Driverless Cars May Soon Feature This Laser Technology To See Around Corners

Researchers at Stanford University, California develop a revolutionary laser imaging technique that allows self-driving cars to see beyond corners and avoid potential danger.

To understand how it works, just imagine this scenario. While navigating through an unfamiliar neighborhood, an autonomous vehicle stops before reaching a blind corner.

Apparently, its system has detected a child running across the road, right where the car is about to make its turn. Had the situation occurred without laser technology involved, another young life would have been added to the death toll.

Surprisingly, statistics reveal that traffic accidents claim more than 1.2 million lives a year, making it the world's second leading cause of death among children at age 5 to 14.

Should the group become successful in creating a system using the new laser technology, there is a great chance that these alarming figures would become a thing of the past.

"This is a big step forward for our field that will hopefully benefit all of us," says Gordon Wetzstein, assistant professor of electrical engineering at SU and lead author of the study.

How The Laser-Based System Detects Looming Road Accidents

To "magically" see through corners, the researchers installed a laser device right next to a photon detector that's sensitive enough to capture the smallest particle of light.

With everything in place, they began shooting laser beams at a solid wall where they are reflected on a hidden object. From there, they bounce back to the wall and to the detector.

The entire process, also known as a "scan", takes anywhere between a couple of minutes and an hour to complete. At this point, the captured photons are merely blobs without any distinct form.

Using an algorithm, which the group claims as more effective than existing ones, the blobs are turned into sharp images in less than a single second.
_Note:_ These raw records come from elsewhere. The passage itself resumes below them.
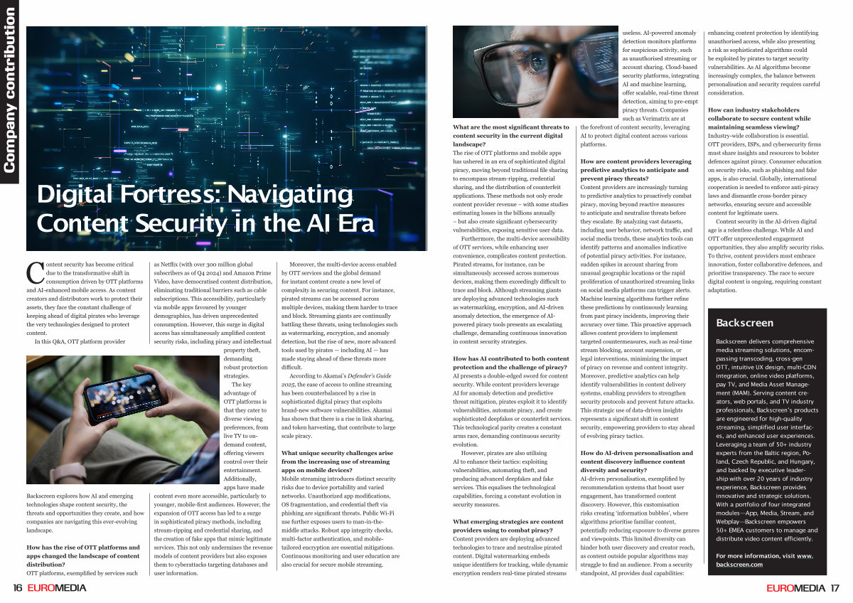 Content security in the AI-driven digital age is a relentless challenge. While AI and OTT offer unprecedented engagement opportunities, they also amplify security risks. To thrive, content providers must embrace innovation, foster collaborative defences, and prioritise transparency. The race to secure digital content is ongoing, requiring constant adaptation.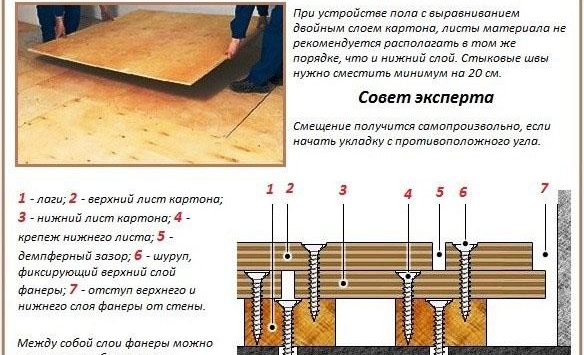 Ensuite, les feuilles sont disposées au sol et il ne sera pas superflu de numéroter chacune d'entre elles afin de ne pas confondre. Il convient de noter qu'en cas de décalage, tous les joints de feuilles de contreplaqué doivent être situés dans ces zones.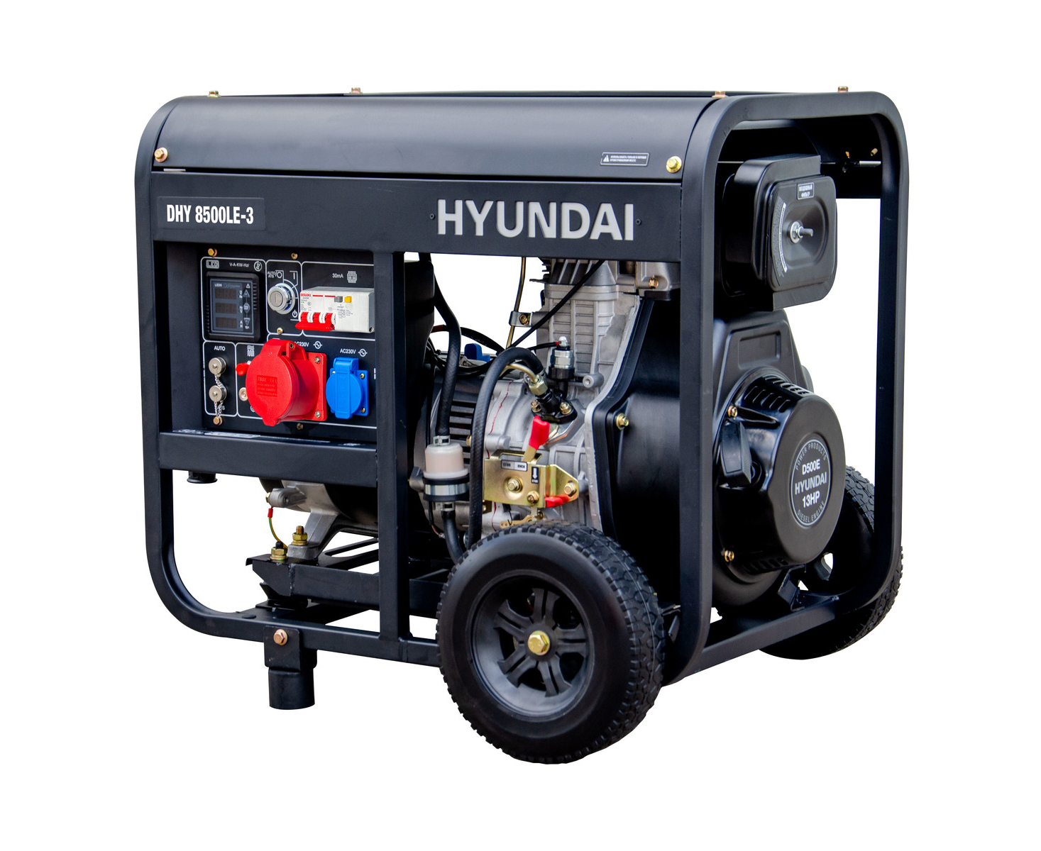 - двигатель Hyundai D500E - дизельный 4-тактный, с воздушным охлаждением, мощностью 9,5 кВт и с частотой вращения 3000 об/мин, с центробежным регулятором оборотов;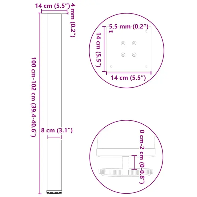 • Praktična oblika: Ta noga barske mize ima nastavljive nivelatorje, ki zagotavljajo stabilnost tudi na neravnih tleh in zmanjšujejo praske na tleh. Poleg tega ima nosilec predhodno izvrtane luknje in priložene vijake, s katerimi lahko pritrdite nogo na mizno površino (niso priloženi), kar olajša montažo.
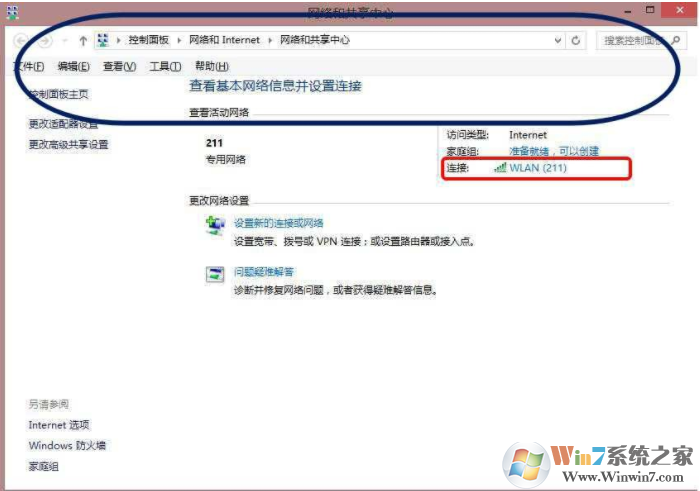也可以:控制面板——網(wǎng)絡(luò)和 Internet——網(wǎng)絡(luò)和共享中心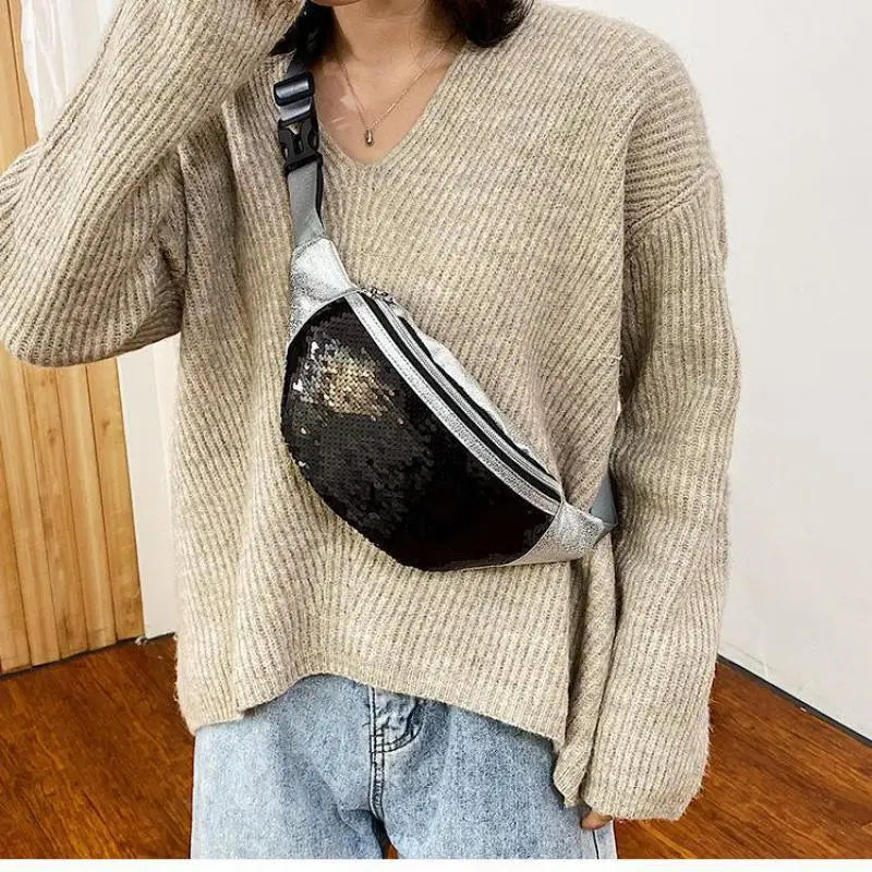 This stylish fanny pack features sequin design and an adjustable belt, perfect for women and girls to carry essentials while on the go.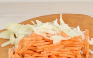 - Pica cebollas y zanahorias al azar.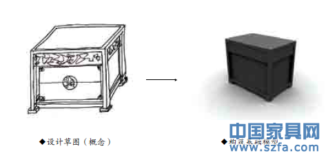 不考慮所有裝飾部件,僅用最基礎(chǔ)的結(jié)構(gòu)件構(gòu)筑產(chǎn)品的骨架,以此骨架作為產(chǎn)品的基礎(chǔ)模型。在此,我們假設(shè)前期的市場(chǎng)調(diào)查、產(chǎn)品概念及企劃、方案構(gòu)思都已完成,依照我們?cè)ǖ姆桨?,開始進(jìn)行擴(kuò)展設(shè)計(jì)。并借用一款中國(guó)傳統(tǒng)漆藝床頭柜的設(shè)計(jì)的案例加以說(shuō)明。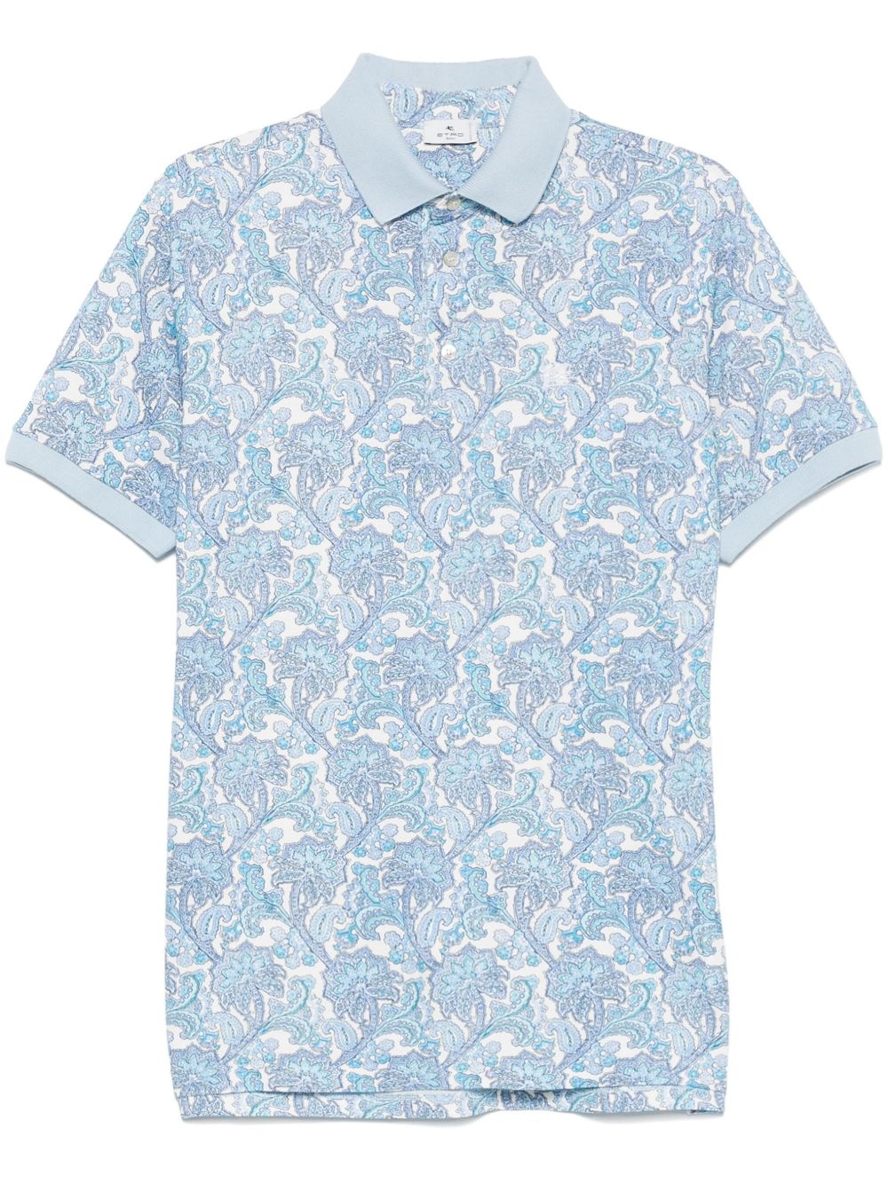 paisley polo shirt Highlights - Light blue - Front button placket - Short side slits - Short sleeves - Ribbed cuffs Made in Italy Composition Cotton 100% SIZE & FIT Model measurements Height 6 ft 0 in(1.84 m) Bust/Chest 35.82 in(91 cm) Hips 37 in(94 cm) Waist 28.34 in(72 cm) FittingInformation Designed for a relaxed fit, this polo shirt offers comfort and movement Made from a midweight non-stretch fabric, this piece offers minimal elasticity when worn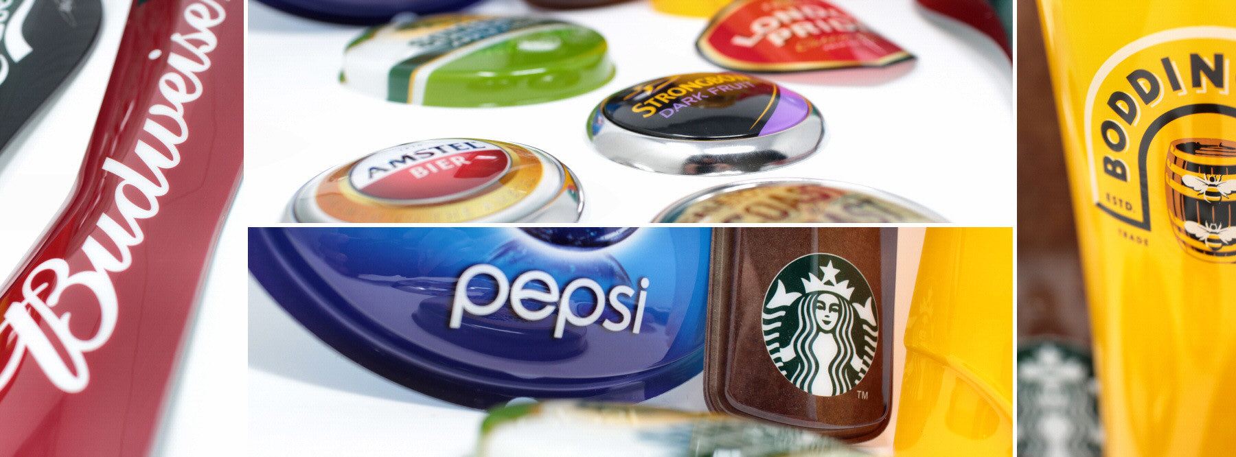 Somos el principal fabricante independiente de personalización para dispensadores de bebida y decoración frontal de barras, incluyendo columnas y tiradores de bebidas.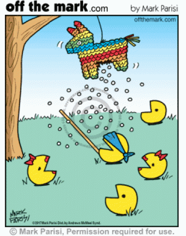 Pac Mans and Ms. Pac Mans catch Piñata treats with their mouths.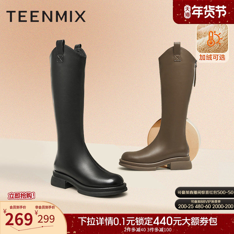 天美意厚底V口加绒骑士靴长靴女鞋子高筒时装靴冬季新款BH641DG5

In a paper published March 5 on international science journal Nature, researchers refer to the recently-discovered technique as "confocal non-line-of-sight imaging" or C-LOS imaging.

Laser Cameras That See Through Corners And Walls

This is not the first time that bouncing lasers have been used in detecting hidden objects. As early as December 2015, a group at Heriot-Watt University, Scotland placed laser devices inside cameras to make them see and record moving objects around corners and through walls.

The Scottish researchers came up with an incredibly fast system, with a laser device that shoots an average of 67 million pulses per second and a highly sensitive camera capable of capturing even the tiniest photon particles at a rate of 50 picoseconds.

Similar to SU's technology, this laser-based camera system would prove useful in making self-driving cars much safer from collisions.

"If the other vehicle or person is arriving too fast, implying that there could be a collision, then the system could feed this information to the car, which could then autonomously decide to slow down," explains Daniele Faccio, a physicist at HWU and lead author of the 2015 study.

More details of their laser-based system are found in a paper published Dec. 7 on research journal Nature Photonics.